I mean I've avoided relationships because I keep attracting toxic men. I've been working for years to deal with whatever I'm sending out that attracts them and blinds me to how bad they really are. I haven't really found a good therapist to help me until now.
ah I understand, yeah thats exactly what Im talking about. And yeah no kids for me either!
 
Look, let's go easy on these people, ok? It's not like they are some priceless collection of china or something. Damaged or not, they are still human. It's not their fault what happened to them.

As to what I'd do if I met such a woman? I honestly have no idea. If I meet someone, and I like her, I might find myself falling big time. So what would I then do if I found out about, well, damage? I would not be turned off. I would try to talk to her about it and ask her what she wanted me to do. I wouldn't want my presence to make her situation worse or anything like that.

mecha - I hate chit chat as well. I hear too much of it at work. I get pulled into the office all the time because I don't talk to people enough! The most speaking I ever do in public, or indeed at all, is when I'm at a Yankees game, and that's more shouting than speaking. :lol:
 
I've been lured by damaged women, at least more damaged than I consider normal (whatever that means) and I can say that it has never ended well for me.
 
(A) I can't hold a job (I tried twice--the longest lasted 2 months over a holiday season--retail is definitely not for me) is among my problems.

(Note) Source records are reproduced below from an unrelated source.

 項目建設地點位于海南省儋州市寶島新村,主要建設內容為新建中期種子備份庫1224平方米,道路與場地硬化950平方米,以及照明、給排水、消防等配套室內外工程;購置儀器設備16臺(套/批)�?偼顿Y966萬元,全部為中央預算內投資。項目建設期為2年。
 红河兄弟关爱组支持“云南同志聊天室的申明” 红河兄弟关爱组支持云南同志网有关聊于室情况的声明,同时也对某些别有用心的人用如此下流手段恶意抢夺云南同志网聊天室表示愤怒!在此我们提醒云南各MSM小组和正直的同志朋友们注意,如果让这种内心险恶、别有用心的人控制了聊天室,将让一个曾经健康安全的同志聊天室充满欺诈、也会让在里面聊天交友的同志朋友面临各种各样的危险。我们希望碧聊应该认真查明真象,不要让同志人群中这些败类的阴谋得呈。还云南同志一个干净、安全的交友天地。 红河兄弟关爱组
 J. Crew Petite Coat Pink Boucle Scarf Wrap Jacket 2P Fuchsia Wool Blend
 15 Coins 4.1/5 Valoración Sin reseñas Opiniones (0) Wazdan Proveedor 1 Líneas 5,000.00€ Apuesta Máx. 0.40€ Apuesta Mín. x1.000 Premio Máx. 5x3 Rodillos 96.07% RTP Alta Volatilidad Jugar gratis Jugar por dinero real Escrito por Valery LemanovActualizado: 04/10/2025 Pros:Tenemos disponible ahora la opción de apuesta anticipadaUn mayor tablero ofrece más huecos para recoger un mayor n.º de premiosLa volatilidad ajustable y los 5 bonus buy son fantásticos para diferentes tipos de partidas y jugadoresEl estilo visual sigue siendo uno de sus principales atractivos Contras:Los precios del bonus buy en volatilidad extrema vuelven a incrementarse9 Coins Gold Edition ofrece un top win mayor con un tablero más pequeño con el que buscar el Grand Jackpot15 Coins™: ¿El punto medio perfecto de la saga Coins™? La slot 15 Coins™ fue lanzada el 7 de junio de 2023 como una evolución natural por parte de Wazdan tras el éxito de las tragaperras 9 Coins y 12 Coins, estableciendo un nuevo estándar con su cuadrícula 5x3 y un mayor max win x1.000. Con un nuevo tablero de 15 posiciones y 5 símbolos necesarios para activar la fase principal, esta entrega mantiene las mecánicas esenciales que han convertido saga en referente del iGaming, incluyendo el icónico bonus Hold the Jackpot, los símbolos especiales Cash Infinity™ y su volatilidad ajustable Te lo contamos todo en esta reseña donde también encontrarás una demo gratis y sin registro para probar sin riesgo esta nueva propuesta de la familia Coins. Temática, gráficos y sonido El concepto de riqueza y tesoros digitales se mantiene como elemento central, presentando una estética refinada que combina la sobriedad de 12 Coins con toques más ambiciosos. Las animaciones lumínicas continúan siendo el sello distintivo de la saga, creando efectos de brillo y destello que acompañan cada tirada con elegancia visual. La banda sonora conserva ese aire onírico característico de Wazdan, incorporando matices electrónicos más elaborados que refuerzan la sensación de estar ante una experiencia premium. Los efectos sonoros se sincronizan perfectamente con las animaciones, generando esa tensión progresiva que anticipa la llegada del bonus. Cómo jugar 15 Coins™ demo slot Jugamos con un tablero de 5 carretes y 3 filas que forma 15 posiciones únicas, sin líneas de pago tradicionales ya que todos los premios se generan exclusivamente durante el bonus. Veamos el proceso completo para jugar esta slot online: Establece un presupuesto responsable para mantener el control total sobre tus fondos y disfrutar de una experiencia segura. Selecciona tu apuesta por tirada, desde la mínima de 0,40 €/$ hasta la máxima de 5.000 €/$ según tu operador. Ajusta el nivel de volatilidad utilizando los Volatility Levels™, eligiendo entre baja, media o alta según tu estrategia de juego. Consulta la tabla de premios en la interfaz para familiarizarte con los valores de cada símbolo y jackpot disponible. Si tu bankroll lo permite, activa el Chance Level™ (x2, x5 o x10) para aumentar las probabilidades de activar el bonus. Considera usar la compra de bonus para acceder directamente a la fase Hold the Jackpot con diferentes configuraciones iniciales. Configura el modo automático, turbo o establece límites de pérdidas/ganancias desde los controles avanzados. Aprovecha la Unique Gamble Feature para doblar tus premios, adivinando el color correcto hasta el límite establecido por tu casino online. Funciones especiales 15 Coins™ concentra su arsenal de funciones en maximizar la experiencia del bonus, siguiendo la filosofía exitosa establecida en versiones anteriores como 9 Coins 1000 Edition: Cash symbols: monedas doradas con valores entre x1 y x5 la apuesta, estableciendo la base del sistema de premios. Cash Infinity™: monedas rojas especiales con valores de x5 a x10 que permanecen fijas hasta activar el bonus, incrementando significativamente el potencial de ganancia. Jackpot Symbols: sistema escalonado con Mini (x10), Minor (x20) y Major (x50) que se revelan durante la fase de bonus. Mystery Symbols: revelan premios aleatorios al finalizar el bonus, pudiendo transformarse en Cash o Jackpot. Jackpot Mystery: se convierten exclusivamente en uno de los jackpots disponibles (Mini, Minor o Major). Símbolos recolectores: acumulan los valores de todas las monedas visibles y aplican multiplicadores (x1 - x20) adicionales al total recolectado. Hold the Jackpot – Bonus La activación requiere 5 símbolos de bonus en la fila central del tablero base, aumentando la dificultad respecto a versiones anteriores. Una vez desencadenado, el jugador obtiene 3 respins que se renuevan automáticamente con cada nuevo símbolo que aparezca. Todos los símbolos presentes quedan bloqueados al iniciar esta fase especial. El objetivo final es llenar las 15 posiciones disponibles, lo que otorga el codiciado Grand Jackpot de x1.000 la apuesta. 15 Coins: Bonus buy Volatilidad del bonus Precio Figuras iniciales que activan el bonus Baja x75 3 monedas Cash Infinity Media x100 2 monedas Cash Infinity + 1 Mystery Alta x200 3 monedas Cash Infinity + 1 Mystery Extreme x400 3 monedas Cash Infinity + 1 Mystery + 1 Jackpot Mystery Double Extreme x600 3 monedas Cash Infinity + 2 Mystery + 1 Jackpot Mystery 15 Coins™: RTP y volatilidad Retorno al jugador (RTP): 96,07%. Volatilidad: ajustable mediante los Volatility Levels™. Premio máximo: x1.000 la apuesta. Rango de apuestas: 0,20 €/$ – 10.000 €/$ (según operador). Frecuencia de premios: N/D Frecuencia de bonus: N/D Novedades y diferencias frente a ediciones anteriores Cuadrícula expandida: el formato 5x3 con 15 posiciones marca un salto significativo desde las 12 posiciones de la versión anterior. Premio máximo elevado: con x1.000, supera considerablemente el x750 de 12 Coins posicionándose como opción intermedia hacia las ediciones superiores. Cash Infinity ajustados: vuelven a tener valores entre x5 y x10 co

(B)And I still don't have a driver's license at 22 years old.

(C) I'm pretty convinced that I won't find anyone and I'm not actively trying to rectify the situation either (I don't get out much--I'm not a people-person and get rundown very quickly).

A. I can't keep a job too long, longest has been 2 years...I usually get bored or pissed of at someone.

B. I didn't get mine until I was 21.

C. I have given up on finding a someone...I cannot have my heart broken one more time. I always put my trust in the wrong people.

You will be ok...just be you and focus on the things in life you love.
 
I dated one once and that turned out to be a big fiasco so I will never date one again.

How will you know?

They could be faking it, like when someone sells you a used a car that's really messed up.

Or that hooker who always wears a scarf and claims she's just tall and has big hands "for a girl". :shifty:
 
Me I seem to attract troubled girls, and me with my combination off big brother syndrome and desperation often take them in so to say, support them, am a friend to them and so on. Which always inevitable leads to me getting in to deep and getting hurt myself. So I'm trying to not get into that trap anymore.

It's not that I mind baggage, I certainly have quite a bit of it myself. It's just that at some point the baggage and the "damage" becomes too much. Especially if you get nothing back.

Last time this thing repeated itself we got so close to actually having something happen, but naturally that was the weekend she met a new guy. Which by the way is the not "the" guy anymore, but replaced with another guy. In this case I finally came to the realization that we were never a good idea as a couple in any case.

I just would to once, just once actually get involved in an actual decently functioning relationship. I know that relationships always takes a lot of work, but how hard is it supposed to be to find someone that likes you quite a bit for at least a while?
 
I don't even know what this thread is about. Damaged? What are you talking about, people or shipped goods? Either I like them or I don't. Do people usually roam psychiatrists' offices looking for a date?

(Well, I do that for Holdfast's, but I was just looking for fashion adivice, honest!)
 
Bringing gender into the question does bring up some valid points, but we have to start thinking in terms of how both (or all) genders are damaged by the oppression of female power and the enforcement of gender roles.
It sounds cliche, but it is quite rampant, and damaging: men who cannot cry; women who are forced through cultural/family pressure into roles that are contrary to their hearts.
We are all oppressed by gender inequality, and people who are psychologically stable are no less affected by it, in fact, it may be more insidious for them. Because a "damaged" person is at least in a state where transformation is possible.